En attendant, le PDC suisse travaille à sa relève. Il vient de lancer Avenir Centre Suisse.
Un mot encore sur la responsabilité de l'Eglise catholique dans cet abandon du C. Les forces conservatrices et identitaires sont puissantes et se renforcent. François, qui plaît aux Verts et aux démocrates, fait face à rude partie. Or les silences et les compromissions de l'institution dans les affaires des prêtres pédophiles a sapé terriblement ce qui lui restait d'autorité. A cela s'ajoutent l'incapacité du Vatican et des évêques qui n'osent pas marquer leur différence concernant le statut de la femme dans l'église et l'évidente nécessité que la moitié du genre humain doit pouvoir accéder à la sacralité de prêtre.
Le c ne signifie plus alors catholique, c'est-à-dire universel, mais conservateur.
* L'inverse du drapeau suisse, celui de la Croix Rouge n'a plus de valeur universelle depuis belle lurette. Longtemps le CICR a cherché un emblème neutre, débouchant sur un losange évidé, un cristal selon la terminologie officielle, qui n'a pas pris racine, faut d'en avoir.
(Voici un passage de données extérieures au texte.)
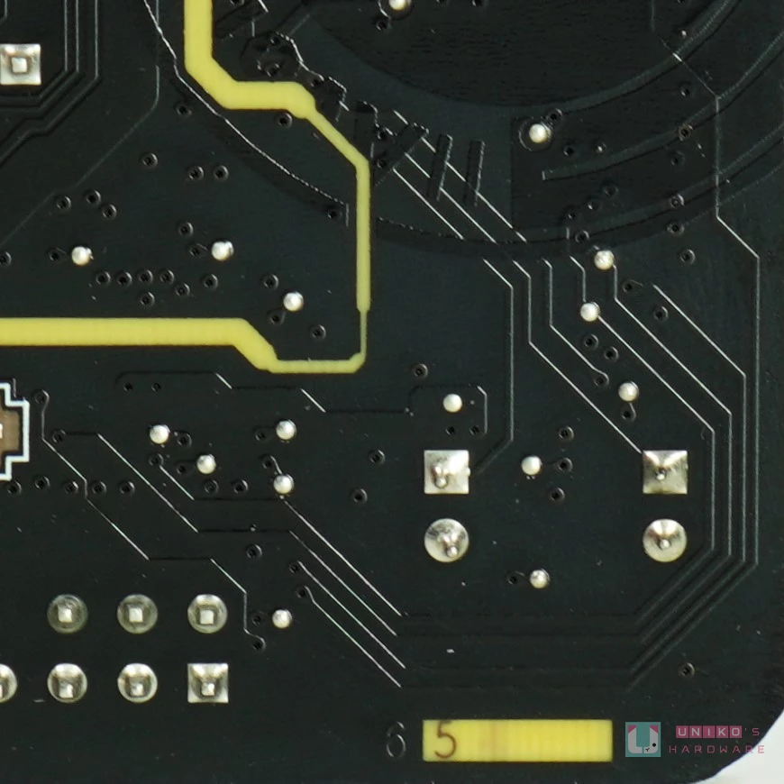 移除所有金属装甲后,黑色的PCB显露人前,元件遍布PCB各处。 PCB正面关于PCB板层数量的显示,由左至右有1 2 3的标示; PCB背面显示4 5 6,也就是6层板设计。 据微星官方介绍,新MORTAR II采用SERVER GRADE PCB(IT150GS)板材,并使用2OZ铜设计增强PCB散热效能和信号表现。

** Qu'on le veuille ou non, le PDC est fort en terre catholique ou anciennement catholique, c'est vrai aussi à Genève où le parti plonge ses racines dans le Kulturkampf et le déclassement dont les ultramontains ont été les victimes par des radicaux anticléricaux à la fin du XIXe siècle. Ainsi ma commune est-elle la seule et dernière où le plus grand parti s'affiche encore PDC.
*** Transformer l'église catholique Quelques propositions recueillies par Michel Camdessus, ancien membre du Conseil pontifical Justice et Paix, ancien directeur général du FMI.